“管家呢?”邝俊衡问。
魏衍伦作了个“无可奉告”的手势,又朝邝俊衡勾了勾手指,示意“给我过来”,很有攻气。
两人对视片刻,邝俊衡下了最终决定,起身收拾简单行装,换衣服,与魏衍伦出门,坐地铁去火车站。
除夕的火车驰离江东,沿途村落在雪化之后一片荒芜,今天车上挤满了人犹如地铁,都是在江东集满一年辛勤打拼的印章后,带着奖金回乡下过年的社畜与牛马。
“许禹几乎不吃醋的。”魏衍伦倚在车厢连接处,买票太晚,他俩已经没有座位了。
邝俊衡拿着咖啡,注视魏衍伦双眼,说:“他吃醋,你相信我。没有人会不吃醋,尤其男人。”
他和任何人说话的时候,都会专注地看着对方的眼睛,与魏衍伦交谈时尤其如此,这种凝视式沟通,很容易会令对方浮想联翩,对这男神级帅哥的重视而受宠若惊。
魏衍伦:“我们还在一起的时候,他就希望用一种相对舒服、自我的方式来谈恋爱,谁也不要去刻意去改变谁,在有限的范围内互相迁就,不伤筋动骨的相处。”
魏衍伦当初也是做了很大一番心理建设,来理解许禹的爱情观。
“所以他也许能接受开放式的关系。”邝俊衡说:“譬如3p?”
魏衍伦差点把咖啡喷了出来,说:“我接受不了,不,我觉得他应当也不行。”
魏衍伦给许禹回短信,圣诞夜后他们没有复合,却已有了迹象,许禹也不催他,不干涉他的人际关系,甚至没有任何吃醋表现。
邝俊衡又想到了曹天裁,曹天裁似乎会吃醋,好几次他在自己面前提起魏衍伦,但最后他们都将它当做无伤大雅的小情趣,所以邝俊衡也很难判断他是不是真的在吃醋。
绮县虽是乡下,距离江东却只有三个小时的车程,不坐这满载的破火车,直接开车走高速只要两小时。

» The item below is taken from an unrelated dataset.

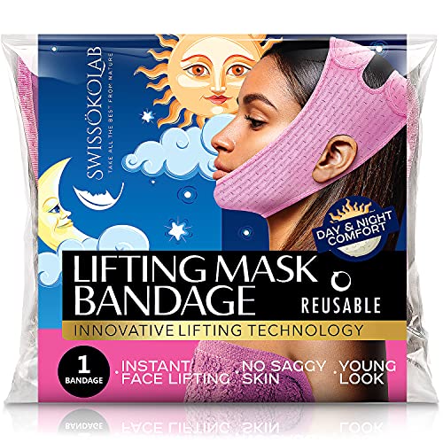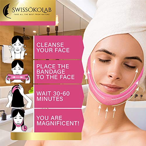 SWISSOKOLAB Reusable Face Slimming Strap Double Chin Reducer V Line Mask Chin Up Patch Chin V Up Contour Tightening Firming Tape Neck Bandage V-Line Lifting Patches V Shaped Belt (Lifting Bandage)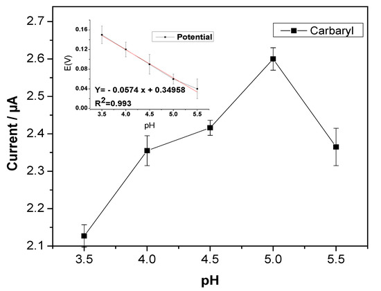 The influence of pH on the peak potential and current of carbaryl is significant. Therefore, the electrochemical performance of carbaryl was investigated in acetate buffer within a pH ranging from 3 to 5.5. According to Figure 8, with increasing pH, the potential moved to more negative values, indicating the linear relationship between pH and- current potential. Additionally, the equation was determined to be Ep/V = 3.4958 − 0.0574 pH with an R value equal to 0.0993, and the slope was 57 mv pH per unit, which was nearly equal to the theorical value (59 mv) as per Nernst’s theoretical equation. As a result, the carbaryl oxidation process involved an equal number of protons and electrons. It was obvious that, at a pH of 5, the current achieved its highest value and then tended to decline, which could be due to the molecule protonation and the production of naphthoxide species [14,51]. pH 5 was selected as the effective pH for the following research.

很快他们下车了,这个被江东财政吸血了几十年的卫星县,到了年节假期时显得很热闹,大家带着从大城市赚到的一点年终返乡消费一番。市中心犹如江东市江南区的缩影,到处都是摊位,魏衍伦带着邝俊衡从集市上艰难地穿过去,回自己的家。
这是魏衍伦第二次带朋友回年,邝俊衡既高又帅且很有礼貌,非常符合父母对青年人男性的审美,自然得到热情的招待。邝俊衡非常照顾魏衍伦父母的感受,会主动陪他们闲聊。较之许禹,邝俊衡更有男友感,这是魏衍伦万万想不到的。

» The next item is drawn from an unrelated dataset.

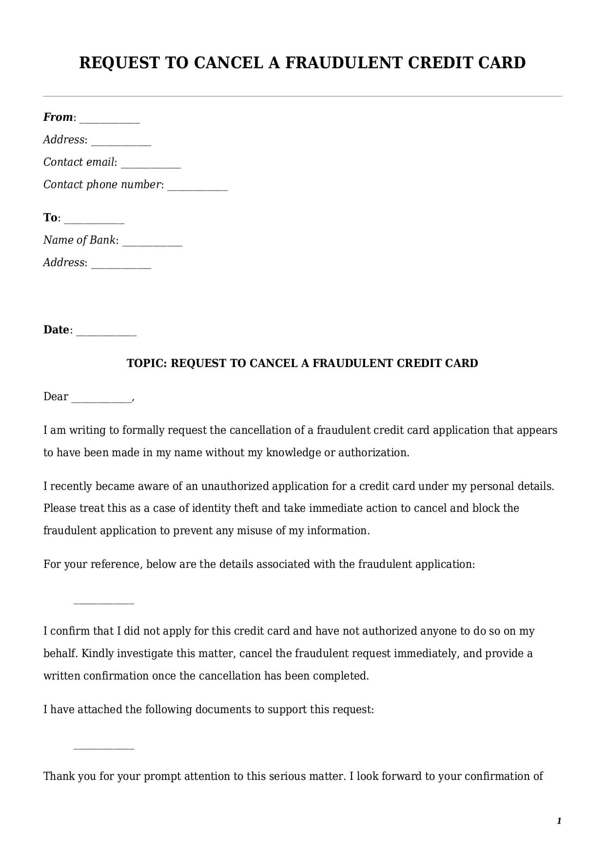 A request to cancel a fraudulent credit card is a formal written document a cardholder sends to their bank to inform about a security issue or suspected fraud.

魏衍伦觉得自己与邝俊衡相处得确实很舒服,也许因为小时候生活环境相似?但他从来没有打听过邝俊衡的过去。
“我家太小。”魏衍伦说:“还请你多担待。”
魏衍伦的房间里只放得下一张书桌,一张床,便挤得无法转身了。
邝俊衡明白到魏衍伦这么努力的原因,先前他总吵吵嚷嚷地说自己穷,都只是字面意义的表达,现在他的境地终于全部具象化,也正如邝俊衡在遇见曹天裁之前的生活,朝他再次涌来,紧紧地扒在他的身上不放,还在耳畔不厌其烦地碎碎念了一番,时刻提醒着他的过去。
“你的房间和我的很像。”邝俊衡说:“连买的练习册也很像。”
魏衍伦笑了起来,邝俊衡拿起魏衍伦的扑满摇了摇,说:“我也有一个扑满。妈妈给我买的。”
“你一定很想她吧。”魏衍伦说。
“是的。”邝俊衡在魏衍伦床上坐下:“她葬在晴久山公墓,我打算抽时间去看看她。”
魏衍伦说:“明后天吧?我陪你去。”
邝俊衡拿起魏衍伦的吉他,调弦,试着弹了弹。
魏衍伦:“你居然会吉他?”
“跟姜峪学了一点。”邝俊衡答道。
魏衍伦家的亲戚过来串门,有一名表姊听说来了帅哥,便想看看邝俊衡,魏衍伦只得把他带出去,接受大伙儿的轮番审美。